From the line containing "アナログ音声をデジタル変換で" down to the line containing "中長層次剪裁搭配自然鬆軟的大", copy out the entries below exactly, both lines included, and nothing else; pictures do not belong in the copy.

RECORDS PROVIDED>
____________
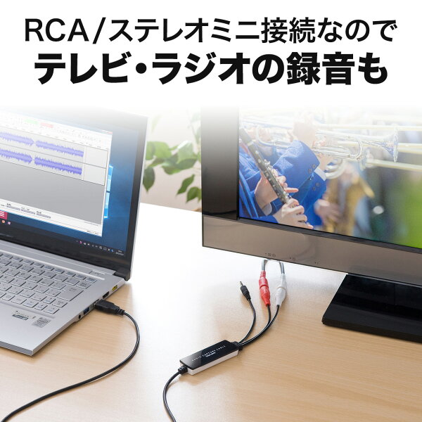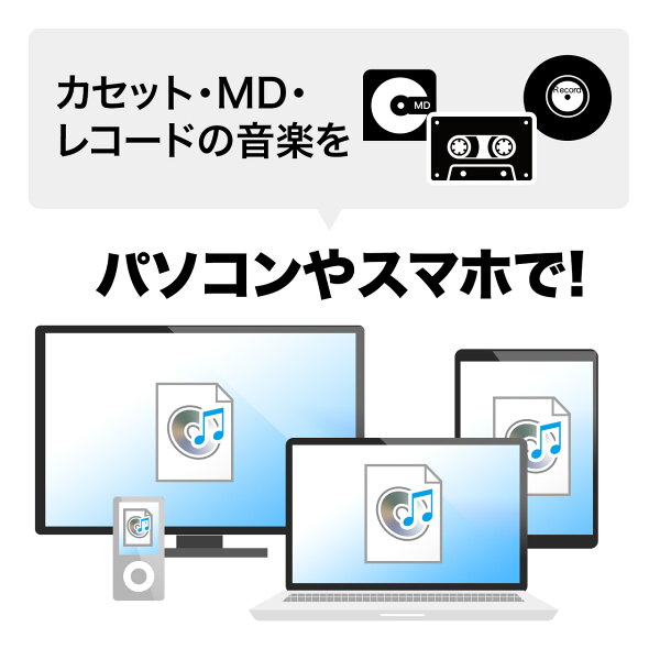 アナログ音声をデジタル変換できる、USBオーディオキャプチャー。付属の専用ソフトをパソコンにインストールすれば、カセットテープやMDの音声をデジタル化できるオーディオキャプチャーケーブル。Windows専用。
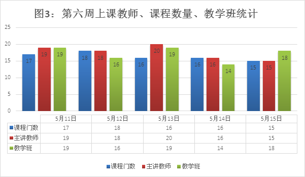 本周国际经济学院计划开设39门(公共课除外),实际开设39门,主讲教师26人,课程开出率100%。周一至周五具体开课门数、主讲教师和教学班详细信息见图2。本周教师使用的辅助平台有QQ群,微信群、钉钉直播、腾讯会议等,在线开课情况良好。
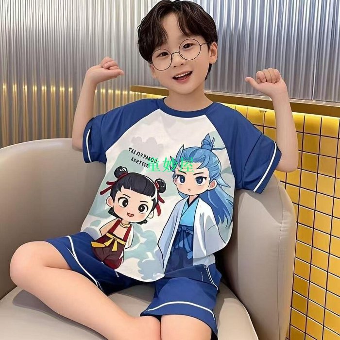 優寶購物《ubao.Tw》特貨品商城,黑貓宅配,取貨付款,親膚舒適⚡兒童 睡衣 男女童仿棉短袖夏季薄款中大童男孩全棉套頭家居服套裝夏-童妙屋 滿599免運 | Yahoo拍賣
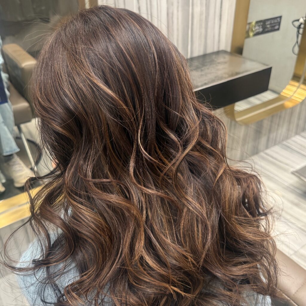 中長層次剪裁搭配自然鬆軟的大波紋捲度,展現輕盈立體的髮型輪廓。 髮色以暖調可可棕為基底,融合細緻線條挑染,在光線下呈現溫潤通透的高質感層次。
____________
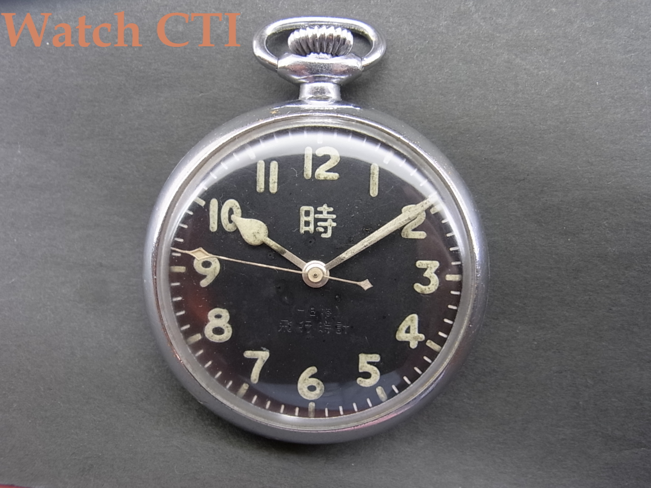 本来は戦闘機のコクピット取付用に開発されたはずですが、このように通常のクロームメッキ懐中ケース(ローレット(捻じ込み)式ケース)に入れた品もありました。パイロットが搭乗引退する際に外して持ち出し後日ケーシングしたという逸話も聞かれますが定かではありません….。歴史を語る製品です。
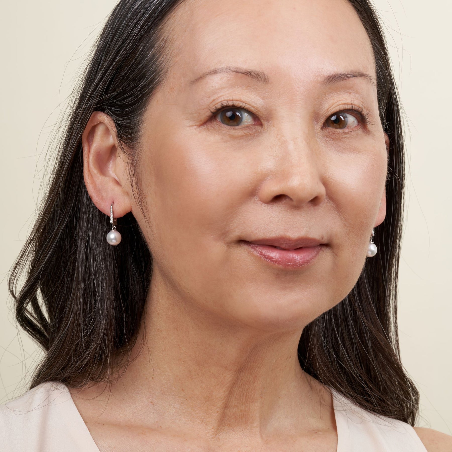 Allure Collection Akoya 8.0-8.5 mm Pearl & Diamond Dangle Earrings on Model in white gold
____________
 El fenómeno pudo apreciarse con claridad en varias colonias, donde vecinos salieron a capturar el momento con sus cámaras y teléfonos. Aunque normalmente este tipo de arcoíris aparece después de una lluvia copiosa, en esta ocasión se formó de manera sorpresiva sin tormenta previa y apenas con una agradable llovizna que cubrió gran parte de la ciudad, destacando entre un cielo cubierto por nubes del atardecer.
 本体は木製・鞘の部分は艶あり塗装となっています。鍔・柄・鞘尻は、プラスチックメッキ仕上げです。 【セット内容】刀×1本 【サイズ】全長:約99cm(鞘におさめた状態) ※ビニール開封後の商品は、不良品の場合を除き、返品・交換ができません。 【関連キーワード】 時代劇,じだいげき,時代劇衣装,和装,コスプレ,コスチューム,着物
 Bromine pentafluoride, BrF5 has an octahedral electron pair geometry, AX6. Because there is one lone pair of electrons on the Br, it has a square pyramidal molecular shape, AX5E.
____________
ANSWER BOX>
 アナログ音声をデジタル変換できる、USBオーディオキャプチャー。付属の専用ソフトをパソコンにインストールすれば、カセットテープやMDの音声をデジタル化できるオーディオキャプチャーケーブル。Windows専用。
 本周国际经济学院计划开设39门(公共课除外),实际开设39门,主讲教师26人,课程开出率100%。周一至周五具体开课门数、主讲教师和教学班详细信息见图2。本周教师使用的辅助平台有QQ群,微信群、钉钉直播、腾讯会议等,在线开课情况良好。
 優寶購物《ubao.Tw》特貨品商城,黑貓宅配,取貨付款,親膚舒適⚡兒童 睡衣 男女童仿棉短袖夏季薄款中大童男孩全棉套頭家居服套裝夏-童妙屋 滿599免運 | Yahoo拍賣
 中長層次剪裁搭配自然鬆軟的大波紋捲度,展現輕盈立體的髮型輪廓。 髮色以暖調可可棕為基底,融合細緻線條挑染,在光線下呈現溫潤通透的高質感層次。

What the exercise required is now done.